Reputation: 13
I am trying to time each round of an adaboost algorithm (how long each additional tree takes to build). I conda installed scikit-learn 1.4.0 (because on their website it says this version) and all the other reqs to run code.
Here is my code:
Y, z = parse.getHARData() #returns my features Y and labels z
Z_train, Z_test, j_train, j_test = train_test_split(Y, z, test_size=0.30, shuffle=True)
b_estimator = DecisionTreeClassifier(max_depth=DEPTH)
ada = AdaBoostClassifier(estimator=b_estimator, n_estimators=NUMTREES)
elapsed_times = []
for stage in range(NUMTREES): start_time = time.time()

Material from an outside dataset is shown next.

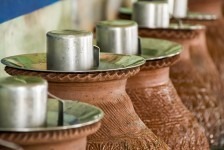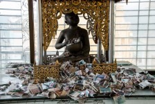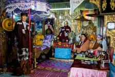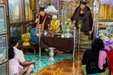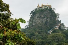 Ausschlafen. Zumindest bis 7 Uhr. Heute ist unser letzter Tag in Bagan und wir haben uns für 8 Uhr ein Taxi zum Mount Popa gebucht. Der Mount Popa ist ein Berg der buddhistischen Mythologie und liegt etwa 1,5 Stunden von Bagan entfernt. Unser Gepäck können wir im Hotel lassen und der Direktor bietet uns freundlicherweise an am Nachmittag noch im Pool zu relaxen bis um 18Uhr unser Pickup zum Nachtbus nach Yangon kommt. Das nehmen wir gerne an. Aber erstmal führt uns unser Weg zum Mount Popa. Unser Taxifahrer baut auch wieder die bewährten Touristen-Stops ein: bei einem Palmöl-Bauern können wir zusehen, wie die Jungs auf die Palmen klettern um die Töpfe mit dem aufgesammelten Palmsaft einzusammeln. Zu kaufen gibt es alles vom Palmöl über Süßigkeiten, Palmwein bis zum selbstgebrauten Palmschnaps. Probieren wollen wir diesen lieber nicht. Die Route zum Mount Popa führt durch zahlreiche Felder und an Unmengen Palmen zur Herstellung von Palmöl. Der Mount Popa selbst ragt als steiler Felsen aus dem grünen Tropenwald empor. Auf dem Gipfel wiederum ragen die golden Dächer der Pagoden und Tempel empor. Der Anblick hat schon etwas mystisches. Zum Gipfel gelangt man wiederum nur über Treppenstufen. Hier laufen und klettern hunderte von Affen herum, die von einigen Besuchern gefüttert und von Anderen beworfen werden. Da diese Affen natürlich auch hinscheissen wo sie wollen sind die Treppenstufen auf entsprechend verdreckt. Da Tempelanlagen und andere heilige Stätten aber nur barfuß betreten werden dürfen müssen wir schon aufpassen wo wir hintreten. Wohl alle 2-3 Meter sitzen Burmesen mit Wischer und Lappen und putzen die Treppen. Für eine kleine Spende natürlich.

# Access and fit the current base estimator
base_estimator = ada._make_estimator(append=True, random_state=42)
base_estimator.fit(Z_train, j_train)
elapsed_time = time.time() - start_time
elapsed_times.append(elapsed_time)
I was expecting this to start the timer, grow a tree using the forest's previous information, add that tree to the ensemble, stop the time, and append the elapsed time to elapsed_times.
instead, its returning this error:
AttributeError Traceback (most recent call last)
Cell In[9], line 7
4 start_time = time.time()
6 # Access and fit the current base estimator
----> 7 base_estimatr = ada._make_estimator(append=True, random_state=42)
8 base_estimatr.fit(Z_train, j_train)
10 elapsed_time = time.time() - start_time
File ~/anaconda3/envs/ADA/lib/python3.11/site-packages/sklearn/ensemble/_base.py:141, in BaseEnsemble._make_estimator(self, append, random_state)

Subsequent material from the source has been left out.